### Your assignment
Find "2、来到播放页面,选择下载按钮。" below and begin at its line; stop after the line with "Photograph the bride". Output those lines exactly, without pictures.

Data extracted from a collection:
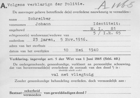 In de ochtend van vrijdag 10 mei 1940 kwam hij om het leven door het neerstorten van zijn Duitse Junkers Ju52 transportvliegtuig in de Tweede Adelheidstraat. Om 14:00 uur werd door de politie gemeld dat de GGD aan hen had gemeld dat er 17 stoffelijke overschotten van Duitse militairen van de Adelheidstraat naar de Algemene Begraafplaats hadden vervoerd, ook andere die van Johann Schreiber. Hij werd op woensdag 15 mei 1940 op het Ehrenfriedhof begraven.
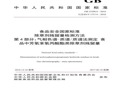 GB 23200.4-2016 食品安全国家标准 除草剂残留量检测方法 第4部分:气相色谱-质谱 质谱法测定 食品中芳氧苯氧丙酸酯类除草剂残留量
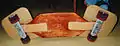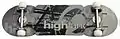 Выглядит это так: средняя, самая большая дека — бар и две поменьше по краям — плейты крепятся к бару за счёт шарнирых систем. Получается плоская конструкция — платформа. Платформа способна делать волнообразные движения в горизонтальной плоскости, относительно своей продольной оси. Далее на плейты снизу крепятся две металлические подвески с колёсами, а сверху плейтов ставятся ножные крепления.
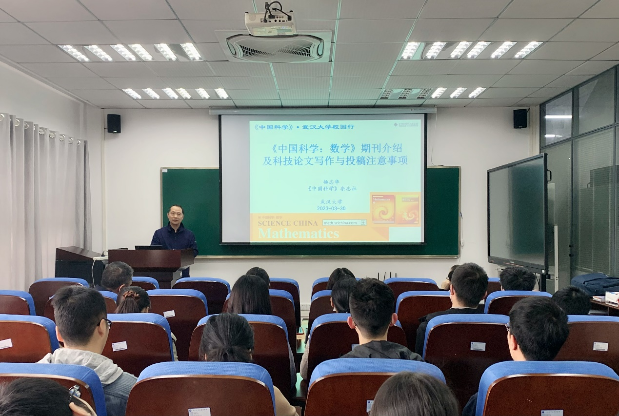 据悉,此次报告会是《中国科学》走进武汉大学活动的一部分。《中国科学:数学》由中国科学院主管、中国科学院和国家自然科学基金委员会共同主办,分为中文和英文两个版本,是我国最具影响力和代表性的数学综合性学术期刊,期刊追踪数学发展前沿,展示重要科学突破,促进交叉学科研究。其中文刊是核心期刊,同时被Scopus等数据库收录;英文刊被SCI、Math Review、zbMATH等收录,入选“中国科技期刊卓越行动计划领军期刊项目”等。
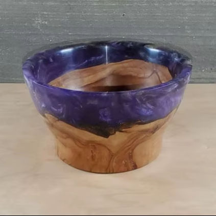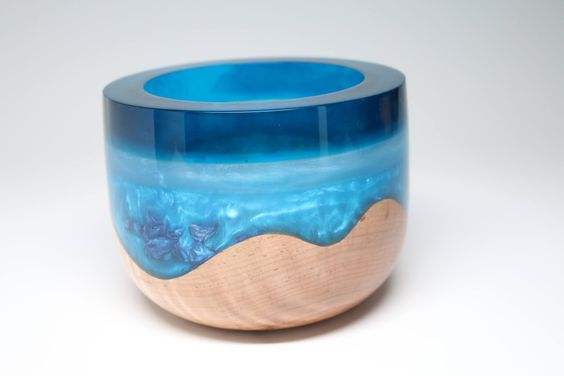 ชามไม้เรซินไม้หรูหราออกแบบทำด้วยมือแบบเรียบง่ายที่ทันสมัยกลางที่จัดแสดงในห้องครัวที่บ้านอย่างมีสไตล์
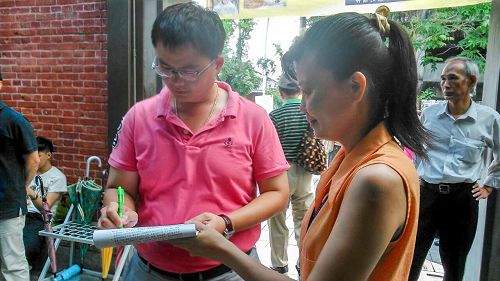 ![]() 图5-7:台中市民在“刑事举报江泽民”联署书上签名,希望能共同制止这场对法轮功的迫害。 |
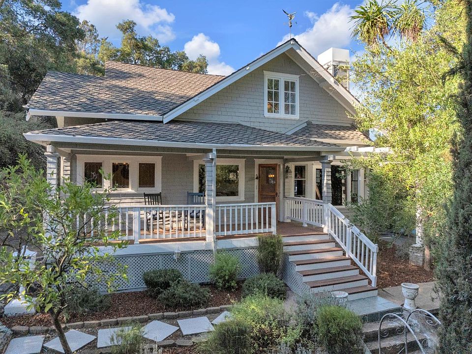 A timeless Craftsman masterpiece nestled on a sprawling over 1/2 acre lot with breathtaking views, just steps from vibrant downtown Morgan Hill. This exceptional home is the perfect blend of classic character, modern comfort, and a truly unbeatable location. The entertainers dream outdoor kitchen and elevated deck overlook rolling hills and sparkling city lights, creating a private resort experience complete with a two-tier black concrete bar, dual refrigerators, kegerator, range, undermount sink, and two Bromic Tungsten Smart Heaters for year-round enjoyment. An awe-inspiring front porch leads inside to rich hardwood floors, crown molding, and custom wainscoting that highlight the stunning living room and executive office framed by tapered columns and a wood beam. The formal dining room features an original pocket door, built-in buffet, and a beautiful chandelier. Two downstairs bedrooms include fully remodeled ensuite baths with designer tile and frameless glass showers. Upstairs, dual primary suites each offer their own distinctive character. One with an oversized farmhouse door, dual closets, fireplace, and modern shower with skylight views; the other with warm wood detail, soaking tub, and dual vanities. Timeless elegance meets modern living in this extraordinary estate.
...
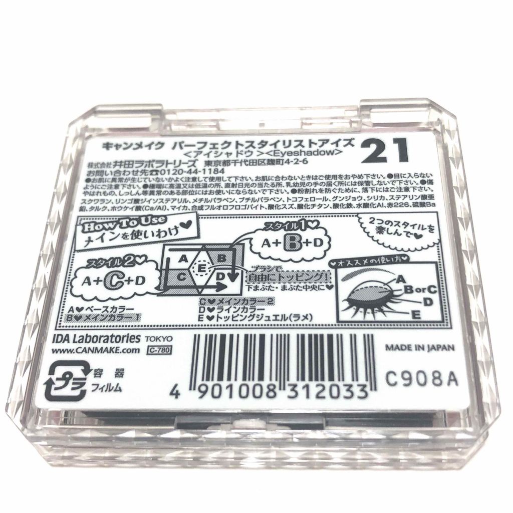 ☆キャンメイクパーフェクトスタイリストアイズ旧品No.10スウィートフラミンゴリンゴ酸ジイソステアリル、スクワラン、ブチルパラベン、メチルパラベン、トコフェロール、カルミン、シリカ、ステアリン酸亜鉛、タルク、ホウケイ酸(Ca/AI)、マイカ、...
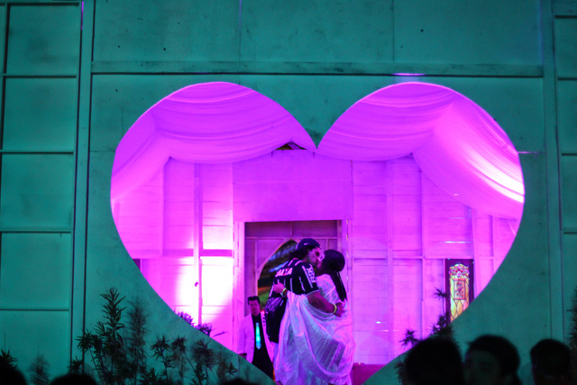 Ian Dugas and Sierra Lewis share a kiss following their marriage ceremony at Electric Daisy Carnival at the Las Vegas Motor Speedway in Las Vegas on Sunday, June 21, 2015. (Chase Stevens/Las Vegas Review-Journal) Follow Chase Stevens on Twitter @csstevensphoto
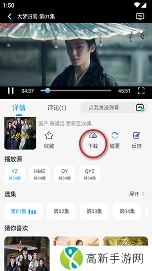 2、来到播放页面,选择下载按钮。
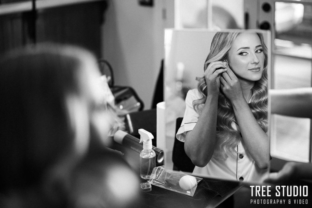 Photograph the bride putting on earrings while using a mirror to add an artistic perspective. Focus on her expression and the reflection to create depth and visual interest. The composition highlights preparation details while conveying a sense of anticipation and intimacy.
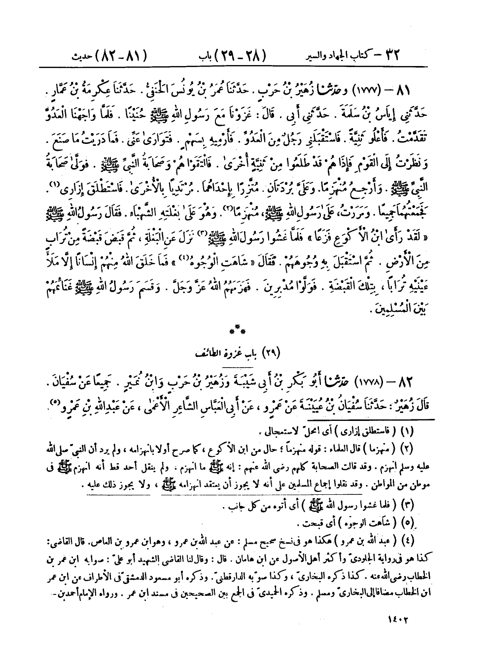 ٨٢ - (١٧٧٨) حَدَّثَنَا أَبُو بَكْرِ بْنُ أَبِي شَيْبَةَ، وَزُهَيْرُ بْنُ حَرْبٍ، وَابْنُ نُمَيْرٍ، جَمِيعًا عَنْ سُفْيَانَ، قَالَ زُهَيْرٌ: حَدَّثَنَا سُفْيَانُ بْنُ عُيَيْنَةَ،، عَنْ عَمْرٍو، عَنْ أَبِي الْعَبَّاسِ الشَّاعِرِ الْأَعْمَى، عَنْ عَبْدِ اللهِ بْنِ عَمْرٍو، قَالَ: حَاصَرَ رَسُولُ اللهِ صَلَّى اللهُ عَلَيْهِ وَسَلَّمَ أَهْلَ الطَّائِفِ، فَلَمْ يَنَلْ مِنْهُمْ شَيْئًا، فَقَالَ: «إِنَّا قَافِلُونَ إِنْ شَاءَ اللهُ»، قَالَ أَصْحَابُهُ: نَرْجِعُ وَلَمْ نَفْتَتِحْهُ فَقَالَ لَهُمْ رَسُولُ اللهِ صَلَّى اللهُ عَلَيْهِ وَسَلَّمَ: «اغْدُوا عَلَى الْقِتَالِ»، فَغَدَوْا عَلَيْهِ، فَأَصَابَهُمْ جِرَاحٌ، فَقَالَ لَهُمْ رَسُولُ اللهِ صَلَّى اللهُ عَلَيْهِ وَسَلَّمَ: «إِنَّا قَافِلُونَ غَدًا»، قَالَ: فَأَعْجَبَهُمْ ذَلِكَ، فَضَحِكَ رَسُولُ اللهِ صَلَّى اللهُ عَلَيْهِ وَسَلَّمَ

### Your response
 2、来到播放页面,选择下载按钮。
 Photograph the bride putting on earrings while using a mirror to add an artistic perspective. Focus on her expression and the reflection to create depth and visual interest. The composition highlights preparation details while conveying a sense of anticipation and intimacy.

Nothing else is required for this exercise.